The story plays with the waymarkers of ‘Whistle’, too: Gayle translates “Who is this who is coming?” from the Latin, and Dan responds:
“’Indeed.’ I think of MR James’ quiet, unsparing prose. The words crawl across the flesh on my hands, my arms and up to the base of my neck. ‘Should be good,’ I say.”
That throwaway “Should be good” is a curious line, and one wonders if it’s Dan’s admonition of himself against straying further in their relationship (you really should be good—should be better—Dan) or merely his approval of Gayle’s intention to infuse her photography with some authentic Jamesian chill on a windswept and lonely beach. Or it could be something darker – that whatever approaches should be—for their sakes—something truly momentous, something to break the cycle one way or another.
Back at the cottage, the radio is playing a song by The Fall. The late Mark E. Smith, that group’s famously contrary svengali, was an aficionado of James, as well as writers like Machen and Lovecraft. There is a sense that Humphrey is toying with us, giving glimpses of reality through fractured glass: a traditional ghost story filtered through the prism of late twentieth and early twenty-first century angst and the trappings of supernatural literature that post-dates James.
Trick is not overly self-referential in Jamesian terms, but it is undoubtedly a homage and there are obvious nods to the master and in particular to aspects of one of his most celebrated, and most adapted, tales. Humphrey plays with the reader, hinting that for Gayle and Dan their fate might be to be trapped in a story within an older story: “They built the church inside the ruins of the old one.”

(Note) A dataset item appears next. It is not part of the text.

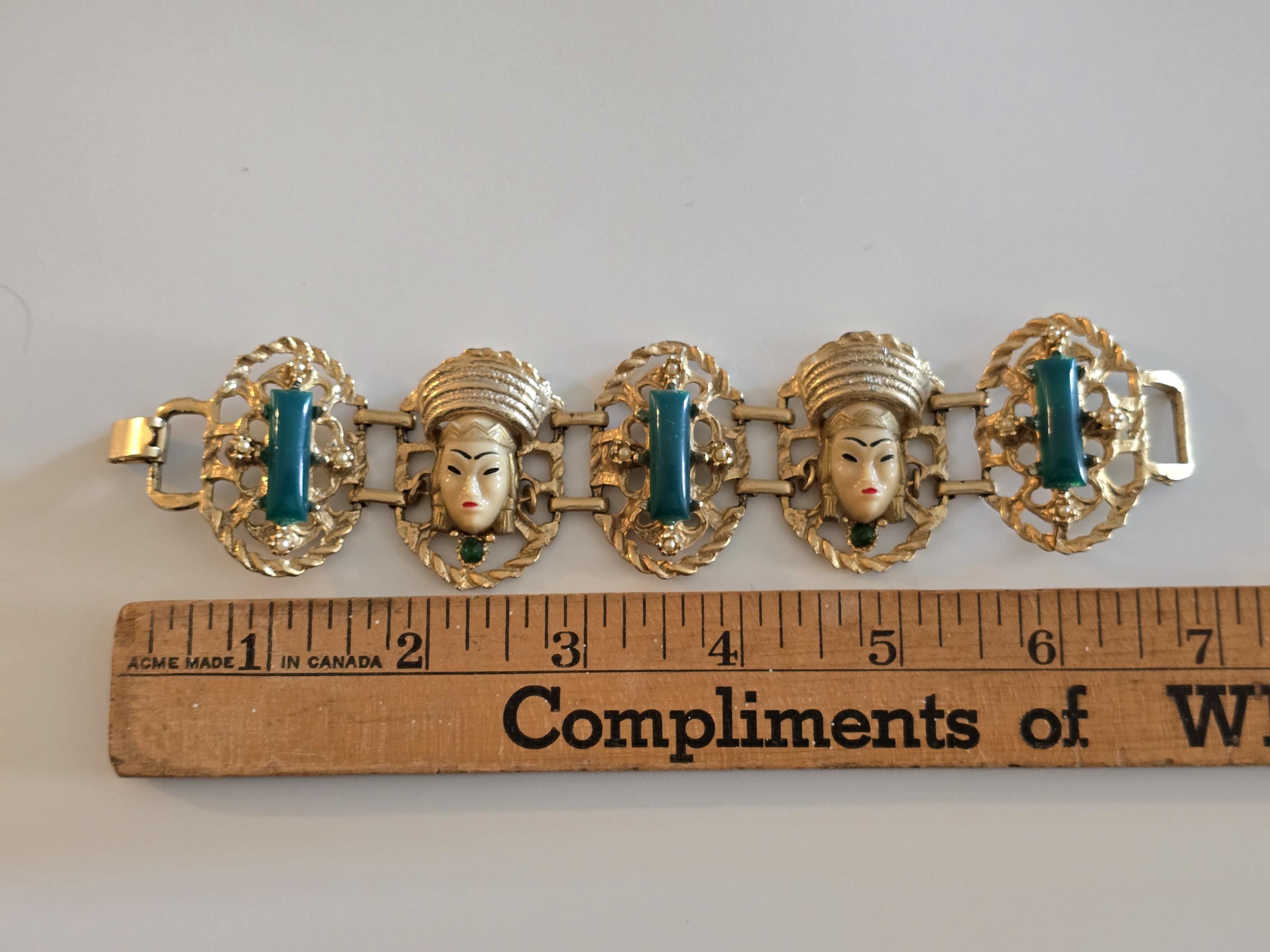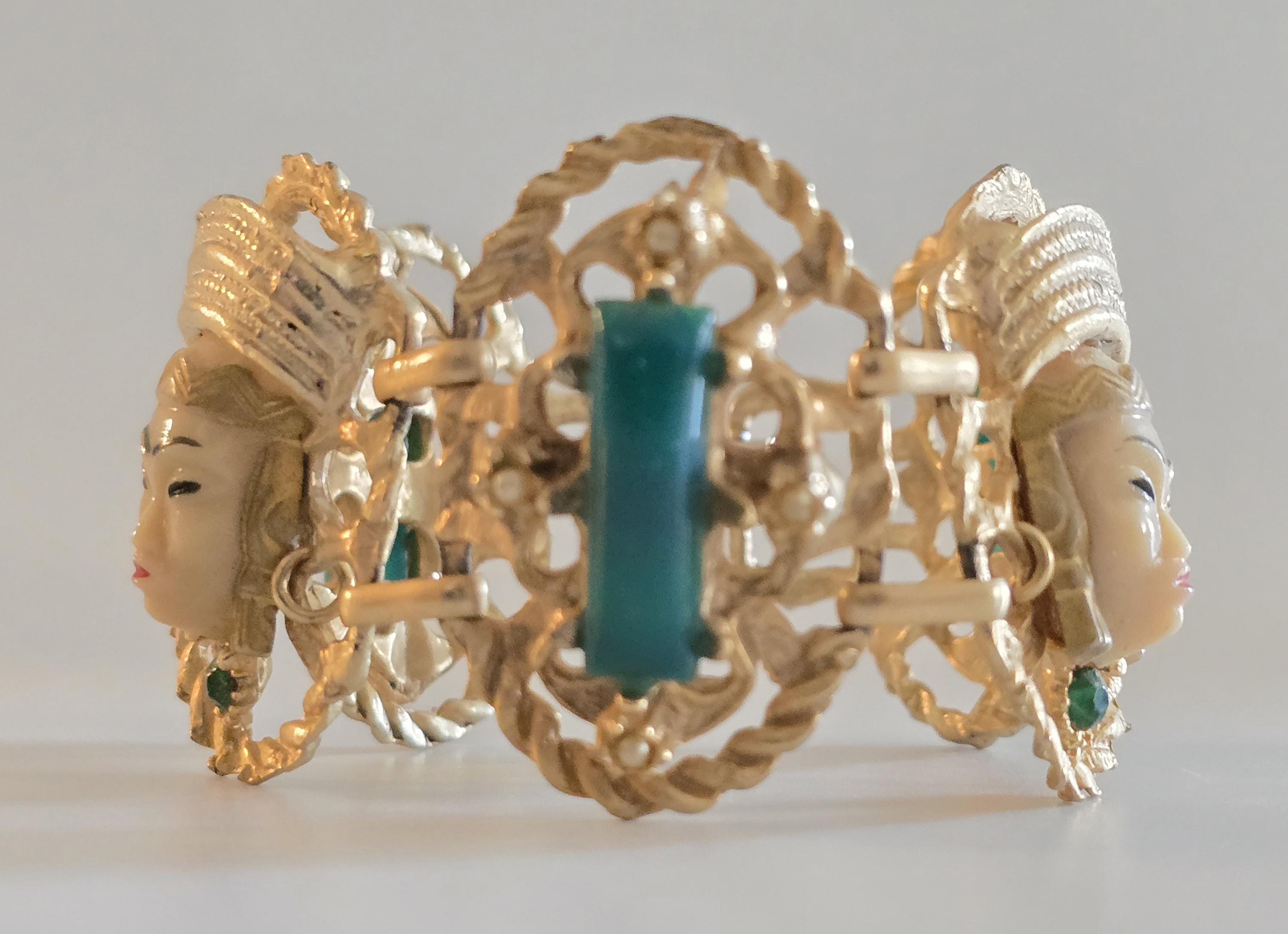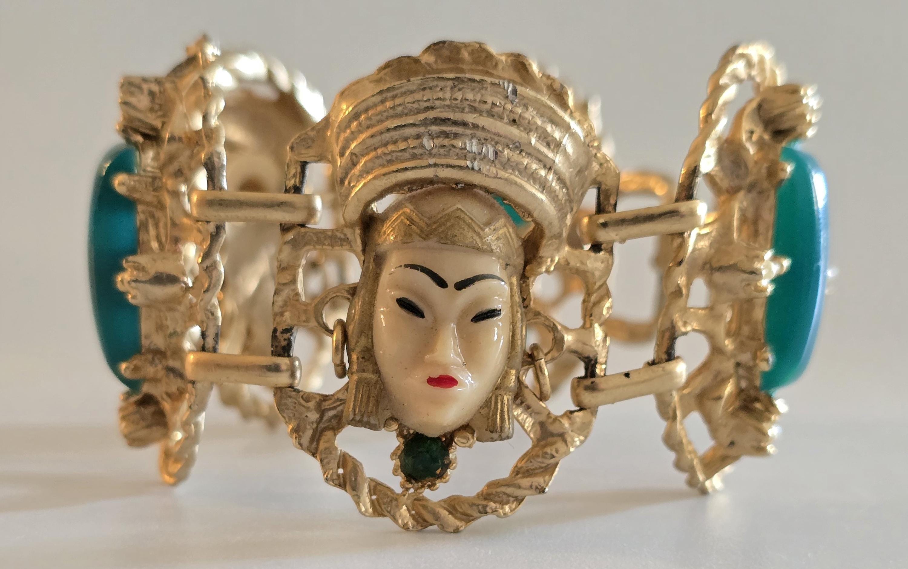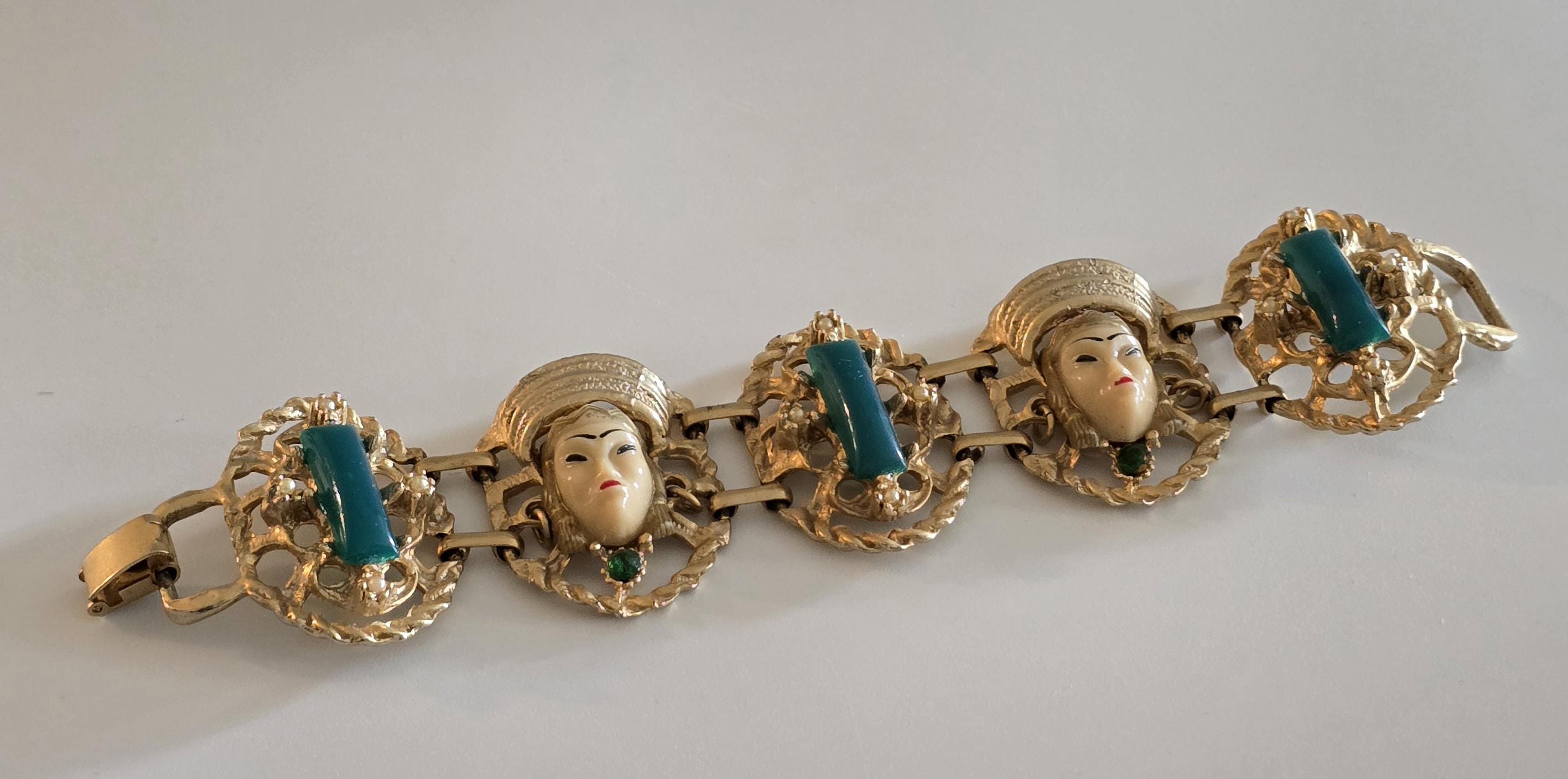 1950s-1960s Aisan Queen or Princess 5 Panel bracelet. Unsigned and appears to be by Mack Henfield and Sons. Queens Head Siamese Jewelry. Acrylic cabachons are rectangular and the faces are glass.

Trick of the Light appears at first to be a straightforward narrative, a story of a break- up and a possible redemption—until its closing paragraphs, at least—but it has deeper tendrils that run through the soil of James’s earlier story and take its ideas in radically different directions. In James, Parkins is saved, physically at least; for Gayle and Dan, the outcome is much less certain, and the story’s conclusion is deliciously Aickmanesque in all its possibilities. This is a fine tale to add to the canon of modern supernatural fiction, and Humphrey achieves a pleasing synthesis of the best visual and literary markers of the two TV adaptations, too, creating something that reaches the delightfully unexpected in its tone and ending. I will be looking out for more of his work on the strength of this one.